The sorceress nodded and set down her cup, folding her hands as if the chill pervaded her bones even in this warm room.

“First,” she said, “you are to leave us as soon you may.”

I glanced toward the window. Through the glass I saw only whiteness. I wondered how I should travel in such conditions.

“Not yet.” Laena interpreted my look correctly. “Your College and mine agree you must wait until this snow ceases and the roads are passable.”

“How bad is it?” I asked.

“Exceedingly.” Her tone was grave; I shared her chill. “Dharbek lies snowbound. The storm wrecked shipping the lengths of the Slammerkin and the Treppanek, both; also down the coasts. Roads are blocked, and whole keeps, towns, are cut off. There has never been such a winter.”

I said, “I know,” and she gestured apology, murmuring, “Forgive me, Daviot. Of course you’d know.”

I asked her, “Magic? Is it the Sky Lords’ doing?”

Her face was answer enough, the words redundant. “Durbrecht fears it so,” she said, “and Kherbryn agrees. We cannot understand how, but there seems no other explanation.”

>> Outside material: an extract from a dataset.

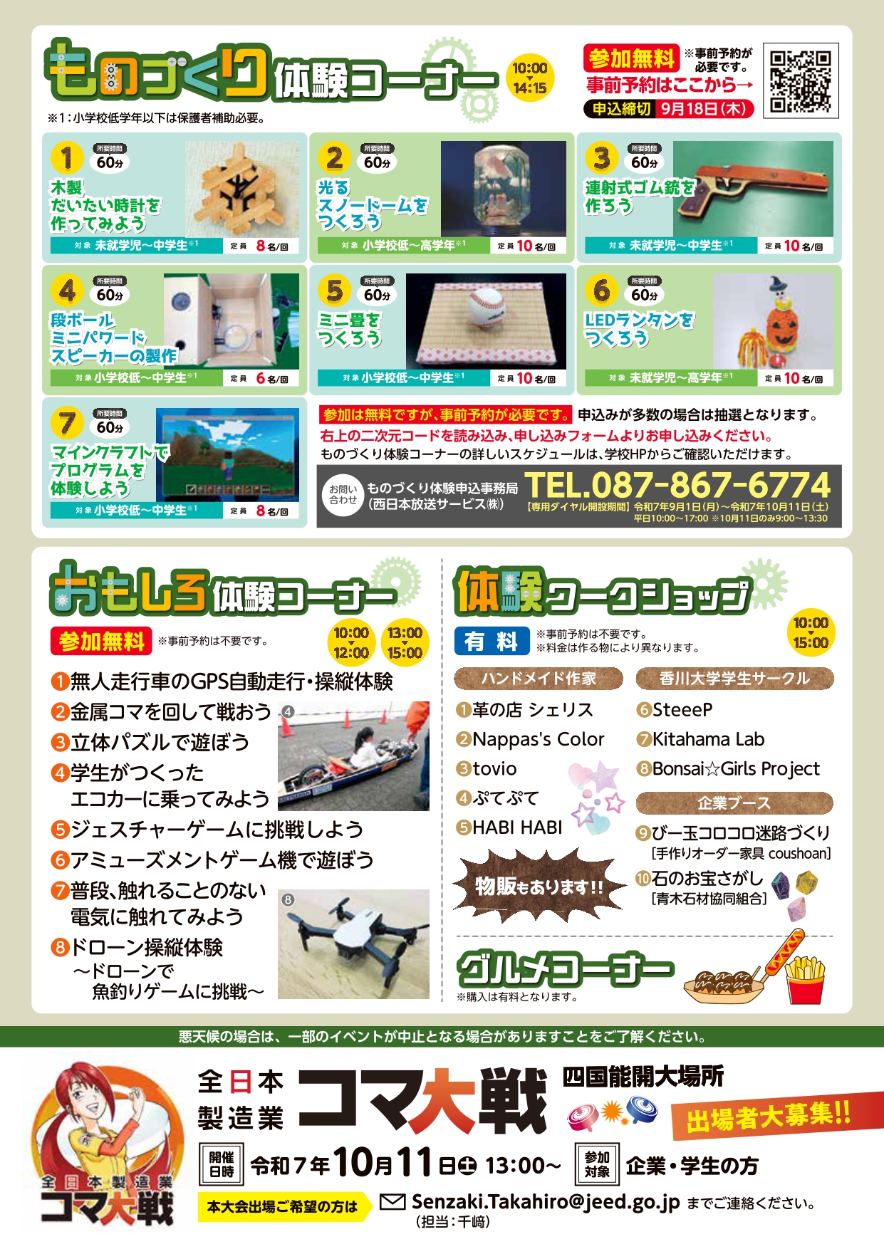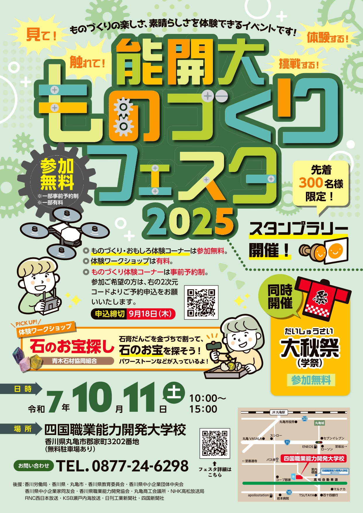 | 内 容 | 能開大ものづくりフェスタ 〇ものづくり体験コーナー(※事前予約) 〇おもしろ体験コーナー(予約不要) 〇体験ワークショップ (予約不要・有料) ・ハンドメイド作家(革の店 シェリス 、Nappas’s Color 、tovio 、ぷてぷて 、HABI HABI) ・香川大学学生サークル(SteeeP 、Kitahama Lab 、Bonsai☆Girls Project) ・手作りオーダー家具 coushoan 「びー玉コロコロ迷路づくり」 ・青木石材協同組合「石のお宝探し」 ※「ものづくり体験コーナー」は事前予約制となります。 申込みはこちら(外部リンク Googleform) 【事前予約に関する注意事項】 ・お申込み期限は、2025年9月1日(月)から9月18日(木)となります。 ・お申し込みはお一人様につき、第1希望・第2希望・第3希望まで選択できます。 ・ただし、同一体験イベントでの複数申込はご遠慮ください。 ・お申込み多数の場合は、抽選となります。 ・抽選結果については、当選ハガキの発送をもってかえさせていただきます。 ・落選された方にはご連絡いたしませんので、ご了承ください。 ・当選はがきは、9月26日(金)ごろに事務局より発送予定です。 ※リーフレットはこちら ※イベントスケジュールはこちら ※会場マップはこちら ※関連リンク 能開大ものづくりフェスタ |

I raised my cup; drained it. Yanydd cursed, and silently I joined him. Almost, I told them all I knew. I thought that if the Sky Lords now commanded the elements themselves, if the Kho’rabi wizards sent tempests and blizzards against us, they must surely soon mount the Great Coming. I thought that every scrap of information should likely be of use; and then that all my reasons for holding back pertained still. It was the Changed dug Mhorvyn clear; it was the Changed risked the causeway to fetch wood for our fires. Did ships
venture out, it would be Changed crewed them; it would be Changed toiled to open the roads. To tell of those few I had seen in alliance with the Kho’rabi was surely to betray the many, to bring down suffering on the innocent. Urt should suffer, and Lan; poor cowed Thom, and Pele and her children. Betrayal was balanced by betrayal—of the Changed, or perhaps of my own Trueman kind. I was caught between, trapped by my own instinctive decision to hold my tongue. I felt wretched: I hid my expression, reaching for the wine jug.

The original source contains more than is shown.